Given the records below, the lines starting at the line with "豆沙糕是中国一道传统糕点,所" and ending at the line with "A wounderful series" should be output exactly, both end lines kept and pictures left out.
##### INFORMATION GIVEN #####
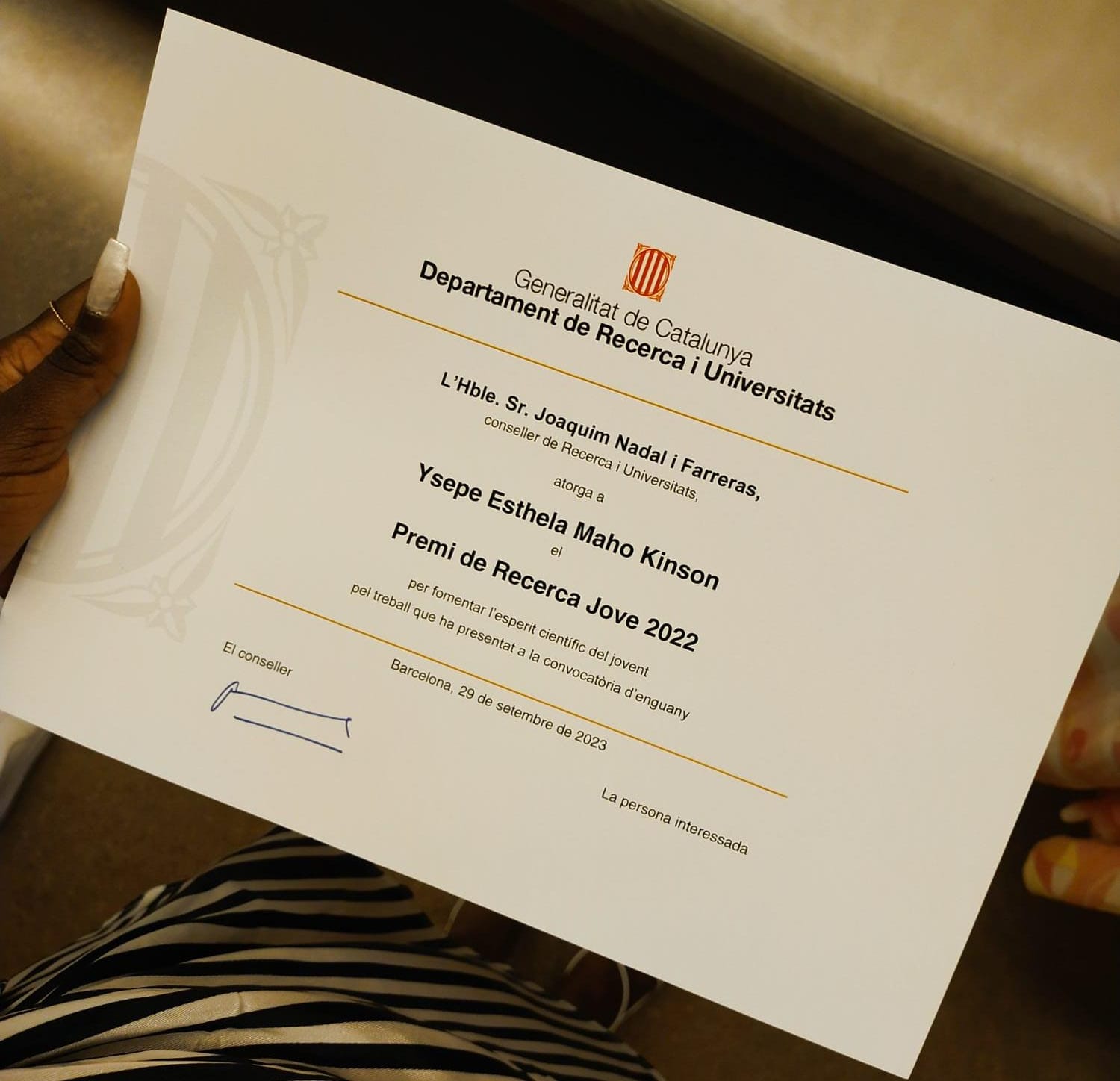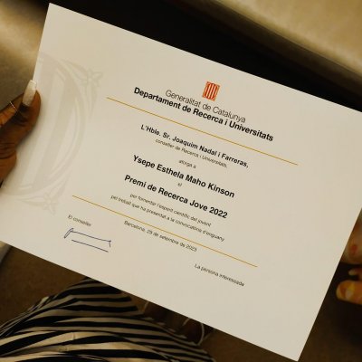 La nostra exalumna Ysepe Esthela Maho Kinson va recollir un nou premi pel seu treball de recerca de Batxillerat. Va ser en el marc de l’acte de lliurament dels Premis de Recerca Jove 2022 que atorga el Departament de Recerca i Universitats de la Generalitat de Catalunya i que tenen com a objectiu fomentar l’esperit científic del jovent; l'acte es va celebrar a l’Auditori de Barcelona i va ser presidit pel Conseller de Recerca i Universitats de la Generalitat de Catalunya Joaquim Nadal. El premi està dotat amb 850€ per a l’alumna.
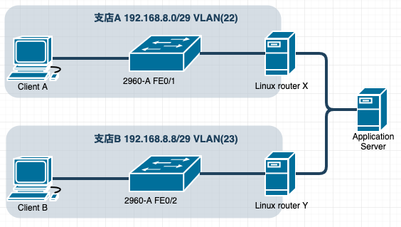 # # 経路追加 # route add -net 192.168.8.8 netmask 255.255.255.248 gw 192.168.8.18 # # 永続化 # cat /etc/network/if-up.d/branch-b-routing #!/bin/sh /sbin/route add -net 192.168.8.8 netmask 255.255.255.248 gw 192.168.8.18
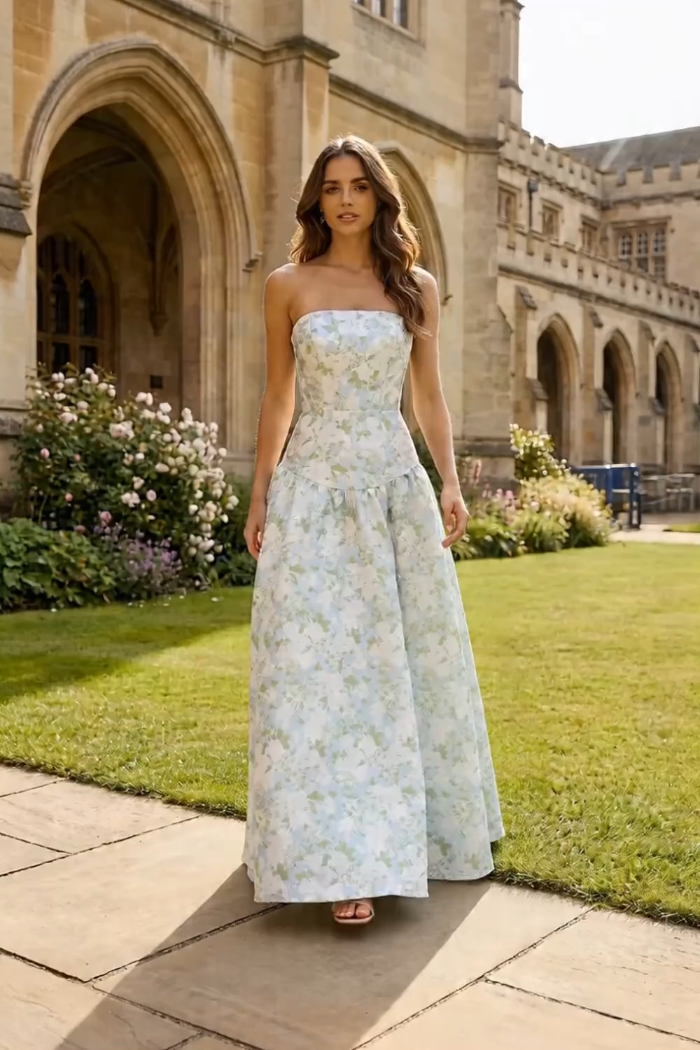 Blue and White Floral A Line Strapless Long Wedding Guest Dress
#####
##### INFORMATION GIVEN #####
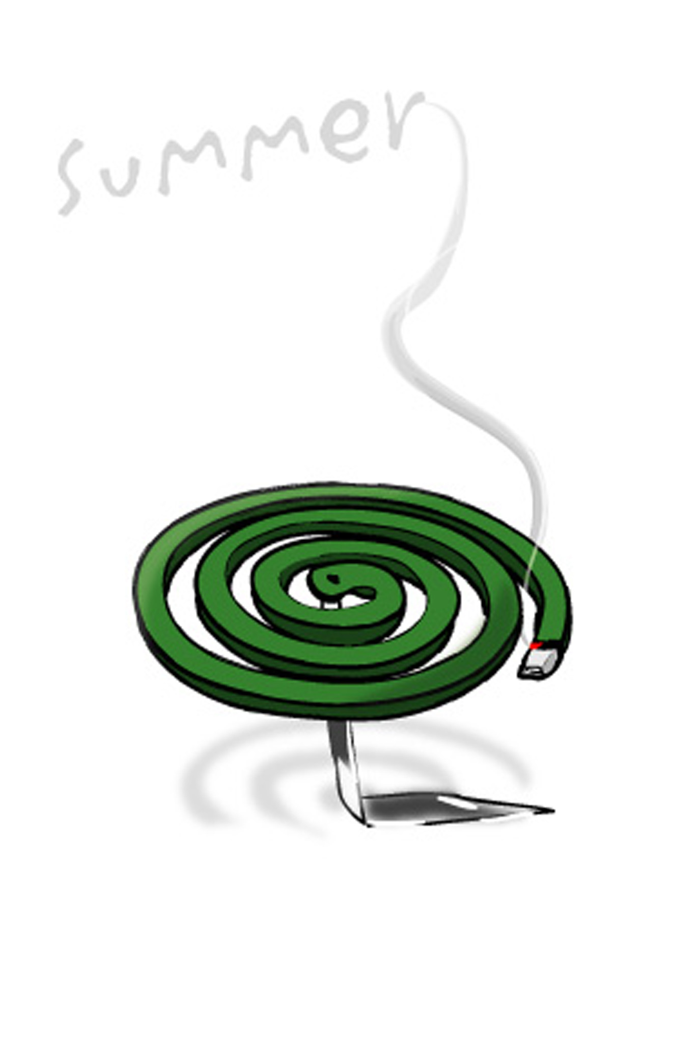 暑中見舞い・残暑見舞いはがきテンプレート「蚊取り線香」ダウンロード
#####
##### INFORMATION GIVEN #####
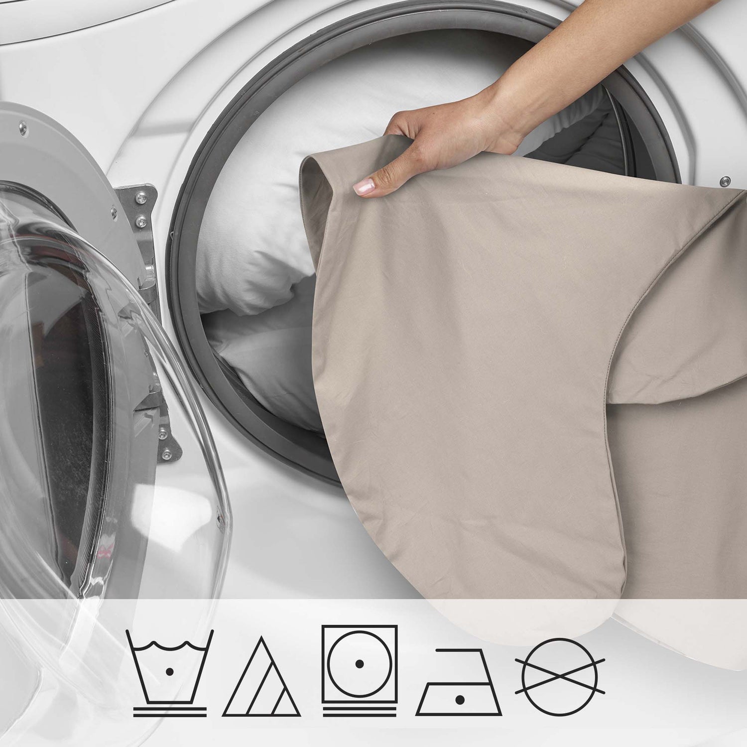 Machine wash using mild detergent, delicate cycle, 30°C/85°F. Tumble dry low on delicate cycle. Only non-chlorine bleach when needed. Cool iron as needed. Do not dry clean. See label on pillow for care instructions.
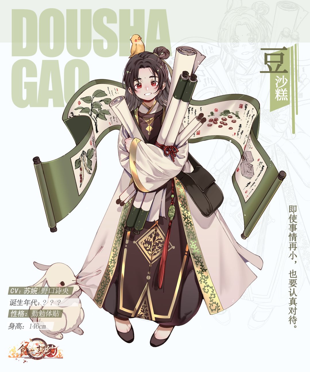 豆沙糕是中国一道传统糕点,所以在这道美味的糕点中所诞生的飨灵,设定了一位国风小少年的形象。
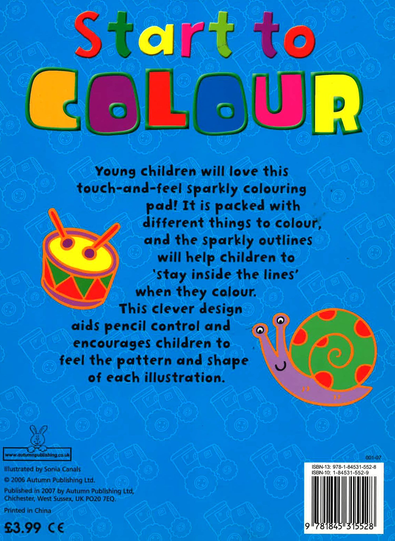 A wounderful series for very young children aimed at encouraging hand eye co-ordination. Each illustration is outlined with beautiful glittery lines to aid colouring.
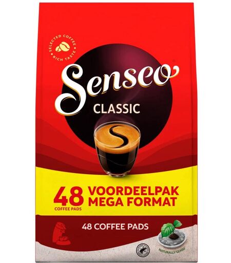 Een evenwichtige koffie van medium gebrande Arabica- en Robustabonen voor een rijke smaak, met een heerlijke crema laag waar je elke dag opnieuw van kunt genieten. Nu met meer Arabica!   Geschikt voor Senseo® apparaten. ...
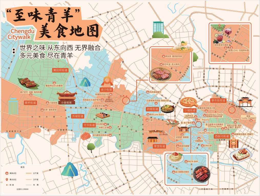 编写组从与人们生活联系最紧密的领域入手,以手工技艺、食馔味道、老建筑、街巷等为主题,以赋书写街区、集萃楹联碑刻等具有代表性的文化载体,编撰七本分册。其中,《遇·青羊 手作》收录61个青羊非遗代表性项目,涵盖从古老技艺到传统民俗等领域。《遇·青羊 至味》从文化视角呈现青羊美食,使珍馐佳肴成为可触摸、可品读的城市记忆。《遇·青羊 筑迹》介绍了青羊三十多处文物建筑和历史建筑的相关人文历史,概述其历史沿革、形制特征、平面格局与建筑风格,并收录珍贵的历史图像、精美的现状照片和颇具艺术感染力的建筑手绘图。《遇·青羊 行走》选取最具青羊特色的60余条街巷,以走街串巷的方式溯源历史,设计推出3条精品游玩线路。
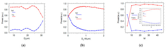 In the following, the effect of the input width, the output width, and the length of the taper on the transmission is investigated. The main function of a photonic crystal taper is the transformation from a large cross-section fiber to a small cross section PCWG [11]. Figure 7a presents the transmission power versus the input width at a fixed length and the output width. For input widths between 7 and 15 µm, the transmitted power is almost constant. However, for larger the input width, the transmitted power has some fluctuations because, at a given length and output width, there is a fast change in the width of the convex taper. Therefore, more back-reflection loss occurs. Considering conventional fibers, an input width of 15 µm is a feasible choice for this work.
#####
- EXPECTED OUTPUT -
 豆沙糕是中国一道传统糕点,所以在这道美味的糕点中所诞生的飨灵,设定了一位国风小少年的形象。
 A wounderful series for very young children aimed at encouraging hand eye co-ordination. Each illustration is outlined with beautiful glittery lines to aid colouring.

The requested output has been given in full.